Abstract—Game developers have been striving to design artificial intelligence agents in video games in such a way that players feel as though they are interacting with another human player since the founding of the gaming industry. There are many questions that must be answered prior to truly achieving this goal: How do we simulate human playstyles in artificial agents? Do we imitate human sensory input? If so, how? How do we do so in a way that is computationally feasible for agents to respond in human-like response times? What learning algorithm and models yield the most promising, or even any, results? These are but a few of the questions that have been asked over the years. In this paper, I propose and outline a research project, complete with some preliminary results, that will strive to answer some of these questions, as well as others. I outline the proposed research questions to be answered, my corresponding hypothesis, the methodology to be used, as well as the potential resource requirements. Specifically, I propose the use of q-learning and the exploration of various input structures to develop artificial general intelligence agents whose behaviors and survival strategies closely resemble human players in Minecraft and are capable of surviving without exterior influence in the survival game mode.
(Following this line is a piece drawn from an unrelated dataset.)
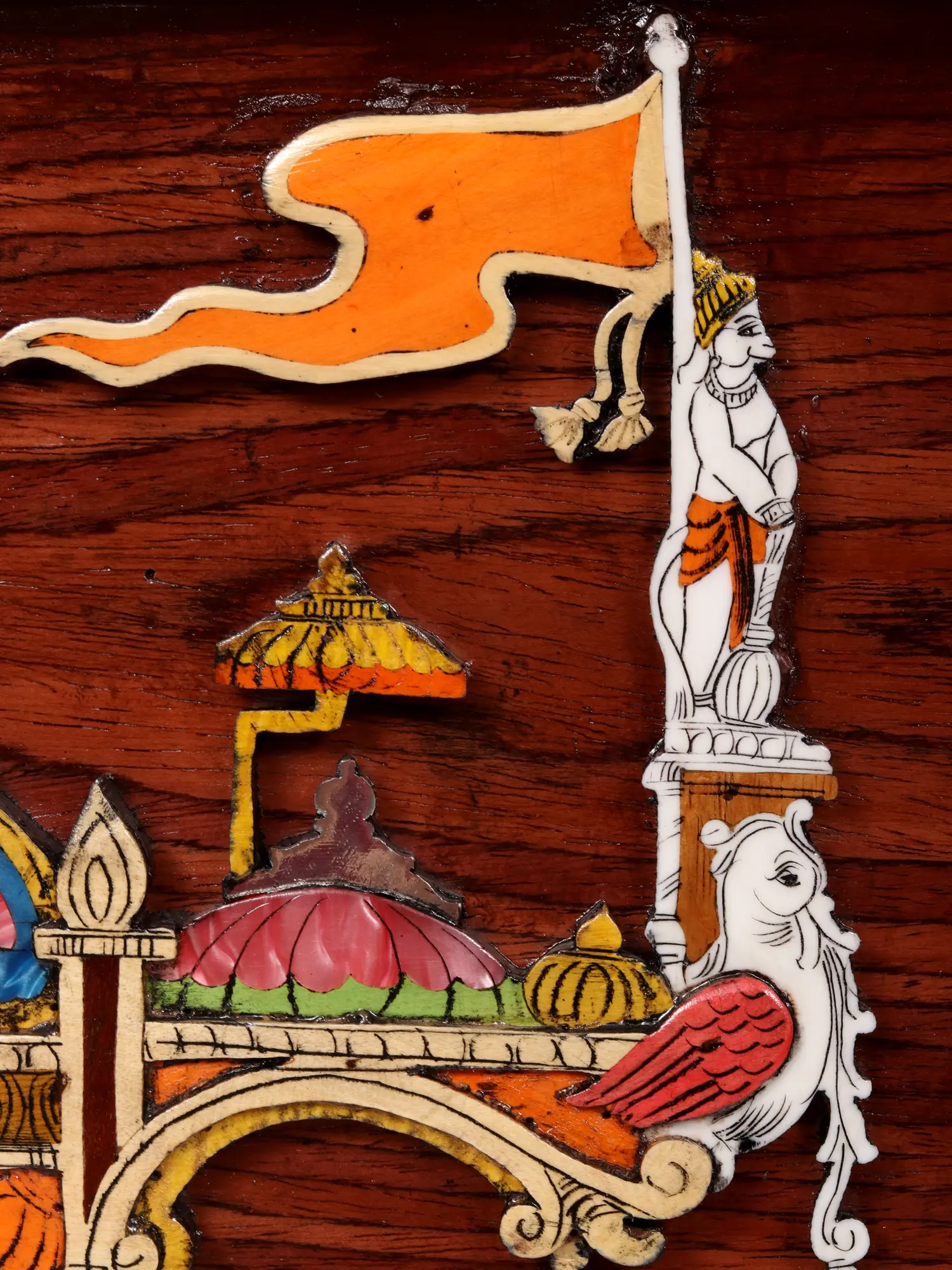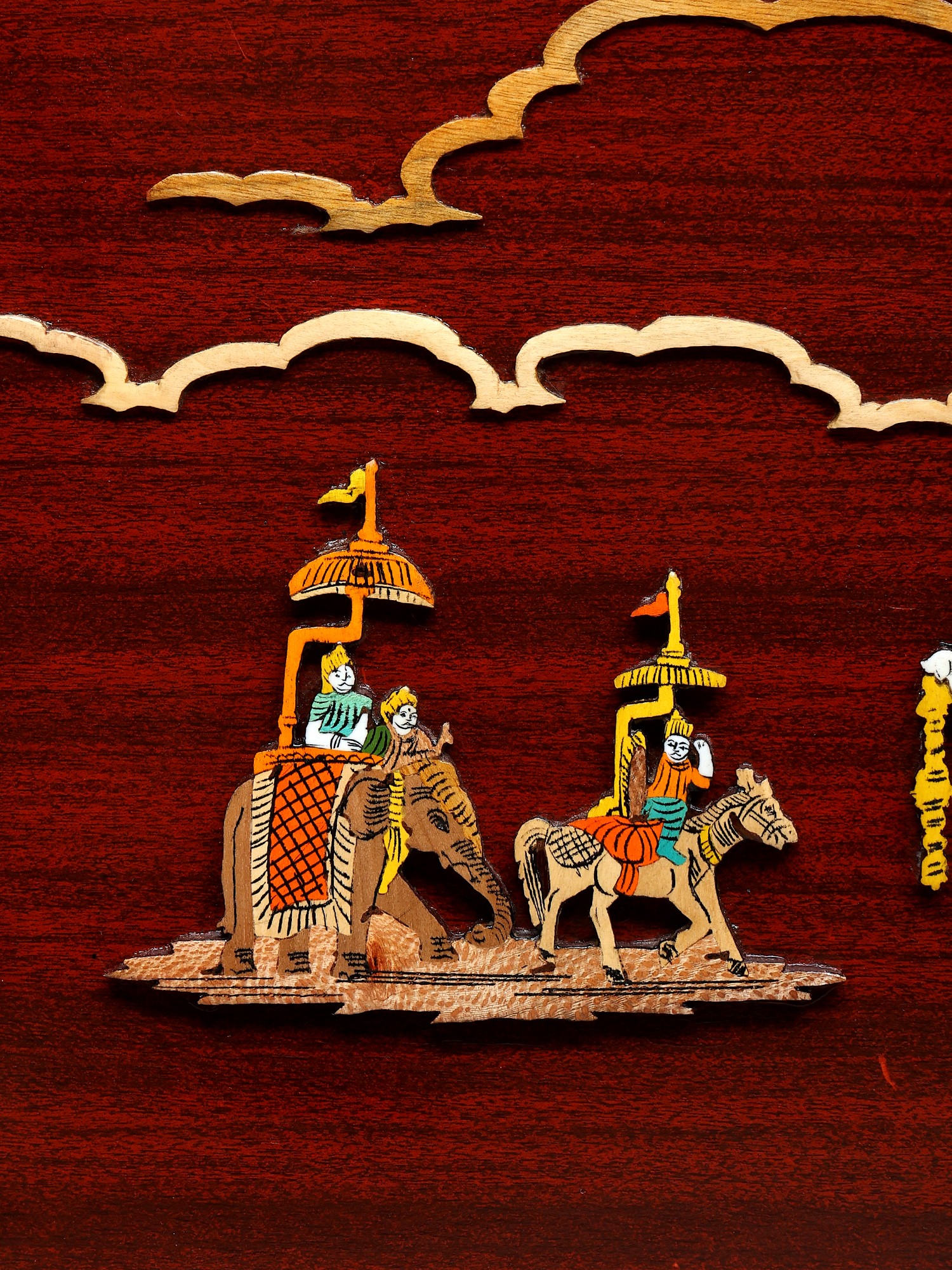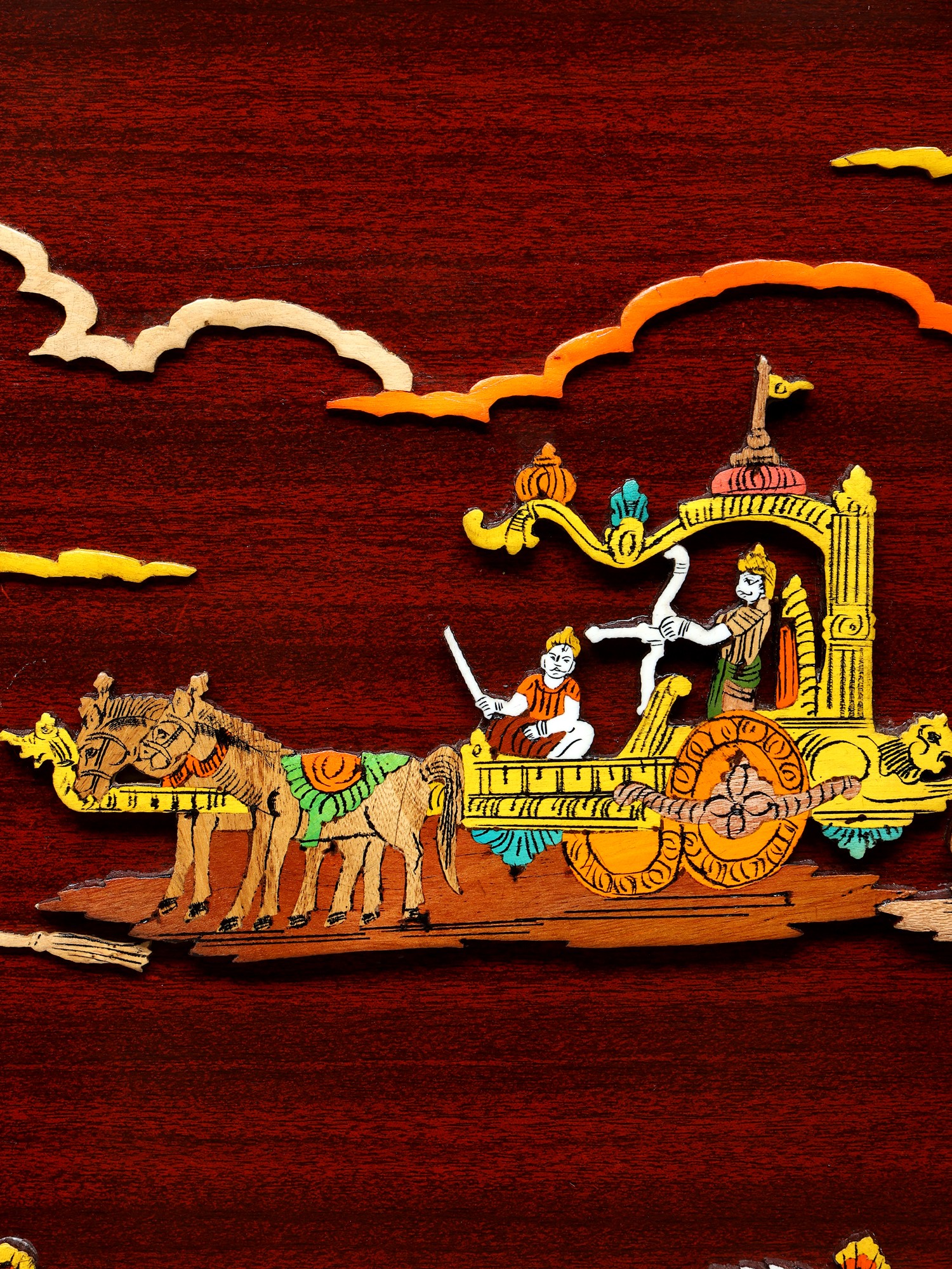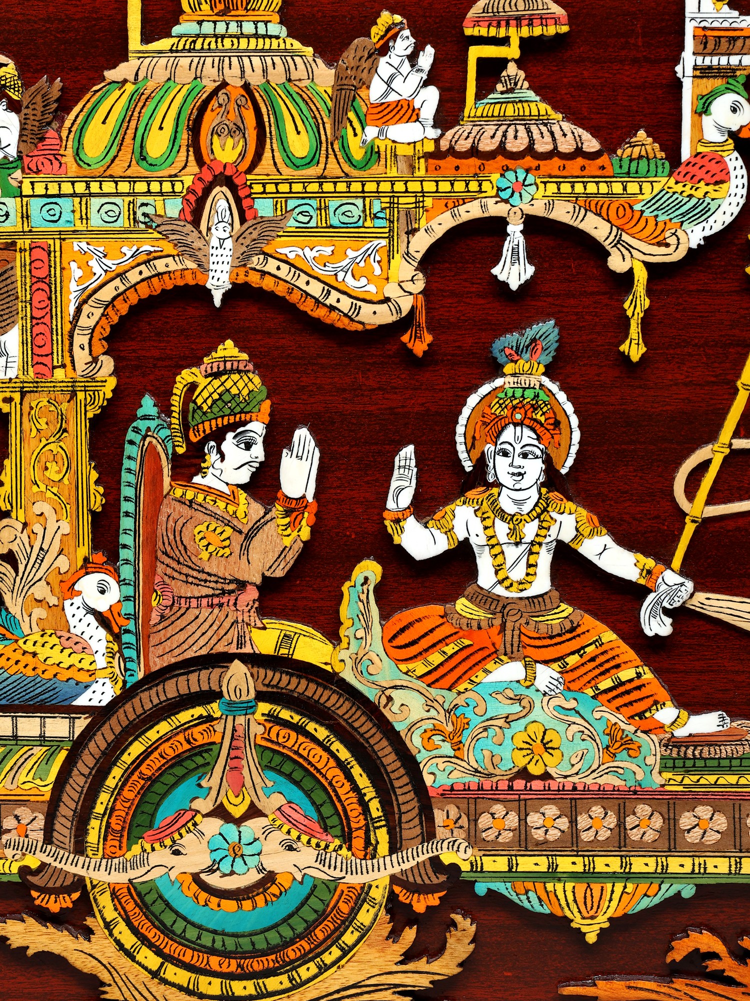 48" Mahabharata War View With Geeta Updesh | Natural Color On 3D Wood Painting With Inlay Work

Keywords—artificial intelligence, reinforcement learning, Minecraft, malmo, marlo, artificial neural networks, q-learning

I. INTRODUCTION

Artificial intelligence (AI) in games can make all the difference in player immersion and overall perception of the game experience. It was clear as early as 2001, when major improvements in processing capabilities led to more high- quality graphics and a desire from players to interact with more intelligent agents, that the interactions between players and AI agents played a substantial role in the success or failure of a game [6]. Modern methods are as vast as they are varied: Q- Learning as an offshoot of Reinforcement Learning (RL) [2][3][4][5][10][11], Neuro-Evolution of Augmenting Topologies (NEAT) [7][8], and Genetic Algorithms (GA) [9] are only a few of the more popular methods, each unique from the rest. Modern organizations and groups like Microsoft and the Association for the Advancement of Artificial Intelligence (AAAI) have taken to crowd-sourcing this problem by holding competitions. These competitions urge researchers to develop more intelligent AI agents in various games, including Minecraft. That said, even with the support of a company as

huge as Microsoft, artificial general intelligence (AGI) agents, defined as agents that can perform a vast range of tasks with minimal exterior manipulation, have yet to be successfully implemented to an acceptable degree. To this end, I propose the use of RL techniques, specifically Deep Q-Networks (DQN), exploration of automated classification of meaningful sub-goals, and the exploration of various input processing and topological techniques to maximize human-like sensory comparability while minimizing computational and memory complexities, using Minecraft. The somewhat lofty end-goal would be to develop an agent that is capable of surviving in the survival game mode in Minecraft while solving various challenging tasks like sustenance acquisition and consumption, shelter design and use, and potentially even multi-agent cooperation and/or competition.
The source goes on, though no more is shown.